* Exercise
Could you transcribe the entries below exactly, without any of the pictures?
[Opening Study material section]
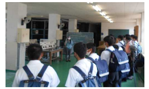
電気科：モーター実験
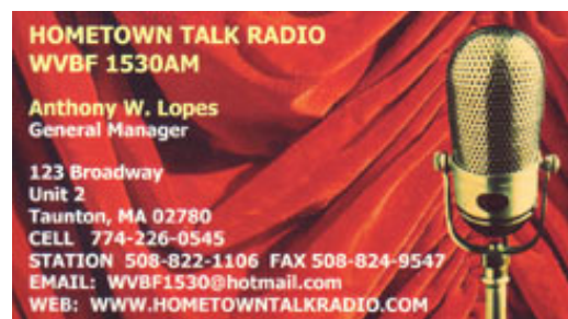
Home Talk Radio

ARC/SWB-konventet på Flustret i Lessebo i maj 2014 var ett möte med de verkliga teknik-, antenn- och listnördarna, av vilka de flesta lever i nuet och inte bara talar om hur det en gång var. Det är ett gäng entusiaster, som förvandlat DX-ingen till någonting helt annat, möjligen tagit upp den till nya, högre, nivåer, och där QSL-en betyder mindre än det faktum att man lyckats skönja en knappast läsbar signal från en hittills okänd station på sin dator.
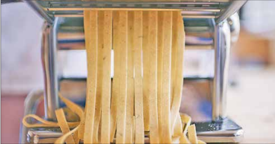
📷 Для ценителей тонкой домашней лапши
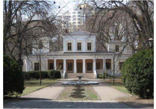
Рис. 3. Дача Мартыновой. Фото 1910-х гг. [9].
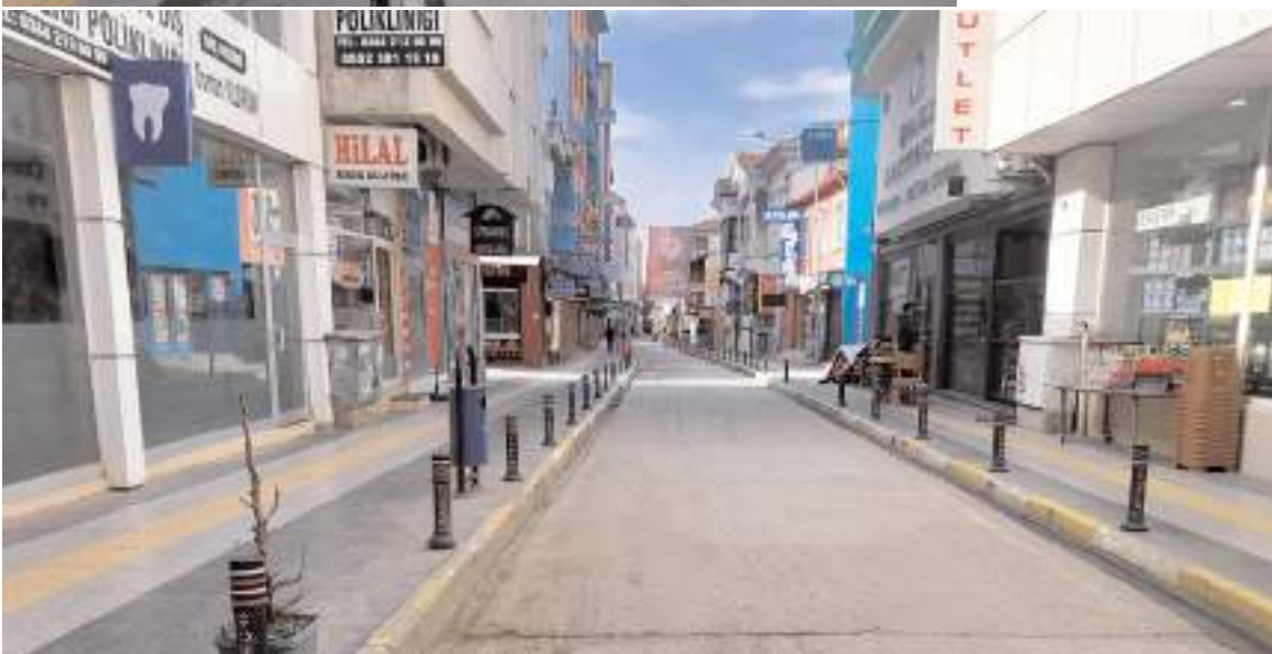
Azap Ahmet Sokak esnafında sokağın tarihi bir görünüme kavuşturulmasını istiyor.
[Closing Study material section]
* Expected answer
電気科：モーター実験
Home Talk Radio

ARC/SWB-konventet på Flustret i Lessebo i maj 2014 var ett möte med de verkliga teknik-, antenn- och listnördarna, av vilka de flesta lever i nuet och inte bara talar om hur det en gång var. Det är ett gäng entusiaster, som förvandlat DX-ingen till någonting helt annat, möjligen tagit upp den till nya, högre, nivåer, och där QSL-en betyder mindre än det faktum att man lyckats skönja en knappast läsbar signal från en hittills okänd station på sin dator.
📷 Для ценителей тонкой домашней лапши
Рис. 3. Дача Мартыновой. Фото 1910-х гг. [9].
Azap Ahmet Sokak esnafında sokağın tarihi bir görünüme kavuşturulmasını istiyor.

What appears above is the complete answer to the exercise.